Configuration Reference

Databricks vs Traditional Data Warehouses configuration options
Parameter / OptionTypeDefaultDescription
Warehouse sizeenum (2X-Small ... 4X-Large)SmallCompute power per cluster of a SQL Warehouse
Min/Max clustersinteger1 / 1Autoscaling bounds for concurrent query capacity
ServerlessbooleanvariesUse Databricks-managed compute for fast startup
Auto stopminutes10Idle time before the warehouse suspends to save cost
Spot/on-demand mixpolicyprovider defaultCost vs reliability trade-off for classic compute

Monitoring, Cost, and Security Considerations

Monitoring

Use system.query.history and warehouse monitoring to watch latency, queue time, and concurrency. Tracking queue time tells you when to raise the max-clusters bound rather than oversizing a single warehouse permanently.

Cost Optimisation

Decoupled compute means you pay only for query time: set short auto-stop windows and let warehouses autoscale down to zero or one cluster off-peak. Because storage is cheap object storage, you avoid paying warehouse-grade prices to retain large historical datasets.

Security and Governance

Unity Catalog provides warehouse-equivalent controls, grants, row filters, and column masks, plus lineage across non-BI workloads. Centralized governance avoids the per-tool permission drift common when BI and data science use separate systems.

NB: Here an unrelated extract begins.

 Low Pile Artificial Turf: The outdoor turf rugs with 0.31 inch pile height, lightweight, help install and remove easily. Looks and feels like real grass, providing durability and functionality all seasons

Common Pitfalls and Recommended Patterns

  • Lift-and-shift of stored procedures: refactor heavy procedural logic into SQL or notebooks rather than porting it verbatim.
  • One giant always-on warehouse: split workloads into isolated warehouses to protect BI latency.
  • Ignoring file layout: run OPTIMIZE and clustering so SQL performance rivals the old warehouse.
  • Recreating data marts as separate copies: model them as Gold schemas on the same tables.
  • Forgetting non-BI value: leverage the same data for ML to justify consolidation.

Frequently Asked Questions

Is Databricks faster than a traditional warehouse?

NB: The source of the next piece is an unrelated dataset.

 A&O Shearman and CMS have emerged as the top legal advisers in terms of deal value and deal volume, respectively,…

For many workloads, Photon-accelerated SQL Warehouses are competitive with or faster than classic warehouses on equivalent data, especially scan-heavy queries, while also handling workloads a warehouse cannot.

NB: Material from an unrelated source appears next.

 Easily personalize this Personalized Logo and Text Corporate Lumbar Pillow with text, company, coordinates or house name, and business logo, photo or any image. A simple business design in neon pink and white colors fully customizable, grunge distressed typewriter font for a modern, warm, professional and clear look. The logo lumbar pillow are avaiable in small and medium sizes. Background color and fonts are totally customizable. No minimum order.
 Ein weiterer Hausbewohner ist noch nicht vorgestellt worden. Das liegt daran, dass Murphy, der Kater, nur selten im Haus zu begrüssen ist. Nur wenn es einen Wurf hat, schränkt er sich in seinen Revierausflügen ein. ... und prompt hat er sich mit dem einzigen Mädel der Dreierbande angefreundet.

Can my BI tools connect to Databricks?

Yes. SQL Warehouses expose standard JDBC/ODBC endpoints, so tools like Power BI, Tableau, and Looker connect the same way they connect to a warehouse.

Do I lose SQL features by moving off a warehouse?

No. Databricks SQL supports rich ANSI SQL, views, functions, and constraints; you mainly rethink proprietary procedural extensions.

Is the lakehouse cheaper than a warehouse?

Often, because storage is inexpensive object storage and compute scales to zero when idle. Actual savings depend on workload patterns and how aggressively you autoscale and auto-stop.